At Hammersmith Hospital, ninety-eight –year-old John is scheduled to have a transcatheter aortic valve implantation, known as TAVI, to replace a narrowed aortic valve in his heart. This relatively new procedure is offered to patients who are too high risk for open heart surgery. John has only been to hospital once before, 50 years ago to remove a varicose vein. He successfully receives his TAVI but while on the operating table suffers a stroke. He is immediately transferred to the hyper acute stroke unit Charing Cross Hospital. The team determine he requires a thrombectomy which involves threading a catheter through the groin to the brain to remove a clot with a small mechanical device.
This episode also looks at sickle cell disease. Eighteen-year-old Deborah has been waiting seven years to find a suitable donor for a bone marrow transplant. Her brother Sam is a 50 per cent match. This would previously have ruled him out as a donor but, thanks to a pioneering new treatment, he is now able to donate. The episode charts Deborah’s treatment as she undergoes chemo and radio therapy to suppress her immune system before having the transplant, as well as looking at how Sam feels as he prepares to become a donor.
View a clip from episode five
Hospital – episode six
The Trust performs over 500 operations across 19 surgical specialties every week. In episode six we follow the stories of four patients who all require surgical treatment.
Trauma patient Reno, 52, has a fractured pelvis due to a motor cycle accident. He requires an urgent four to five hour operation to fix the fracture. Consultant orthopaedic surgeon, Mr Angus Lewis must cancel his elective patient in order to treat Reno. Angus travels from Charing Cross Hospital to St Mary’s Hospital, but on arrival he finds the theatre list has unexpectedly overrun, so he is unable to start the procedure. Reno’s operation is rescheduled and successfully completed two days later.

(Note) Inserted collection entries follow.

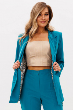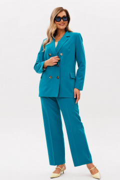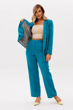 Прекрасный элегантный нарядный костюм свободного кроя из эластичной ткани. Советую брать на размер меньше. Пояс выполнен на базе эластичной резинки. Все отлично. Спасибо)
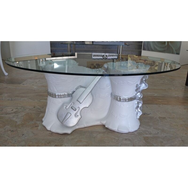 TAVOLINO VIOLINO IN CERAMICA DECORATO A MANO ARGENTO ARREDO CASA SOGGIORNO
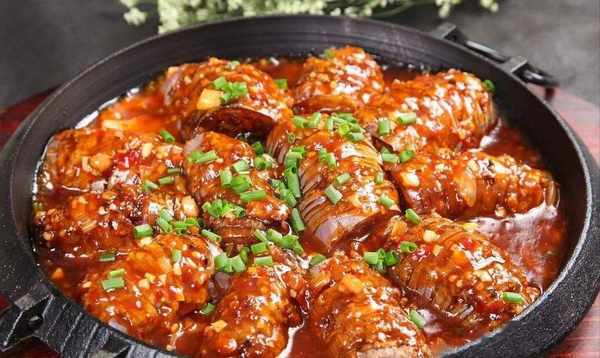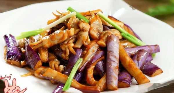 (4)凈鍋註油燒開,放入茄子、蟶子略炒。
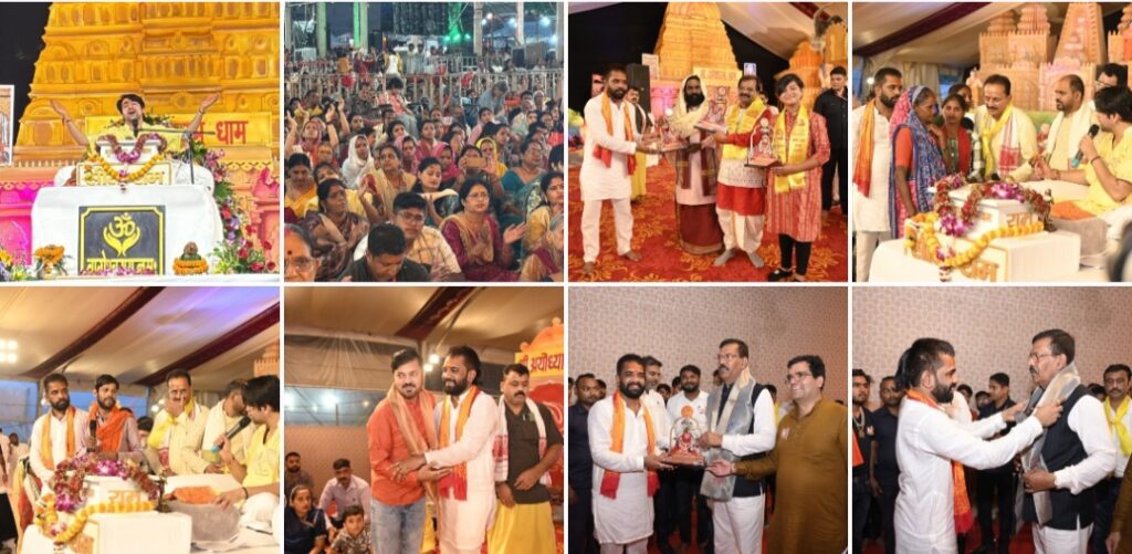 N bharat,,,,रायपुर।* युवा समाजसेवी चंदन – बसंत अग्रवाल (थान खम्हरिया वाले) के नेतृत्व में स्व. श्री पुरुषोत्तम अग्रवाल स्मृति फाउंडेशन के तत्वावधान में दही हांडी उत्सव स्थल,अवधपुरी मैदान, श्रीनगर रोड, गुढिय़ारी में चल रहे बागेश्वर धाम पीठाधीश्वर पूज्य पं. धीरेंद्र कृष्ण शास्त्री की हनुमंत कथा के तीसरे दिन मुस्लिम समाज के सलमान ने जहां हिन्दु धर्म को अपनाया वहीं ओडिया समाज की बिन्दु बाई और श्रीमती निर्मला ने ईसाई धर्म को छोड़कर फिर से हिन्दु धर्म अपनाकर घर वापसी की। इससे पूर्व लोक कलाकार दिलीप षडंगी, कांता सरण और अरु साहू का सम्मान भी किया गया। कथा समाप्त के बाद मंगलवार को रात को 9.30 बजे पूज्य पं. धीरेंद्र कृष्ण शास्त्री अपने ऑफिशयल फेसबुक और यूट्यूब चैनल पर आम जनता से लाईव बातचीत करेगे और अभी तक 1 करोड़ 6 लाख यूट्यूब पर और फेसबुक पर भी एक करोड़ लोग जुड़ चुके है। मंगलवार को भी बागेश्वर धाम पीठाधीश्वर पूज्य पं. धीरेंद्र कृष्ण शास्त्री का दिव्य दरबार 12 बजे लगेगा और इस बार प्रेत राज सरकार का दरबार लगेगा। वहीं सुबह 9 बजे बागेश्वर धाम पीठाधीश्वर पूज्य पं. धीरेंद्र कृष्ण शास्त्री दीक्षा ग्रहण करने वाले भक्तजनों को दीक्षा देंगे।

84-year old Betty has been diagnosed with bowel cancer. Before consultant surgeon George Reese can perform the surgical procedure to remove the cancer he must find Betty a high dependency bed so that she can recover after the surgery. George finds Betty a suitable bed in theatre recovery, so the procedure goes ahead.
Elective patient, 41 year old Daniel is due to have weight loss surgery at the Imperial weight loss centre. He is currently 27 stone and has a BMI just short of 50. Weight loss surgery will improve his health and bring his life expectancy back to normal. Daniel has been waiting for his surgery for a year and a half. In order for the procedure to go ahead, Dr Ahmed Ahmed, bariatric surgeon must find a bed so that Daniel can recover after surgery.
We also meet Jen, 31 who is donating a kidney in order for her husband Elliot, who has 5 per cent kidney function, to receive a kidney transplant. Jen is unable to donate her kidney to Elliott, but Jen is able to donate through the UK Living Kidney Sharing Schemes (UKLKSS). Vassilios Papalois, head of renal surgery and Frank Dor, head of renal transplantation and consultant surgeon successfully complete the two surgical procedures.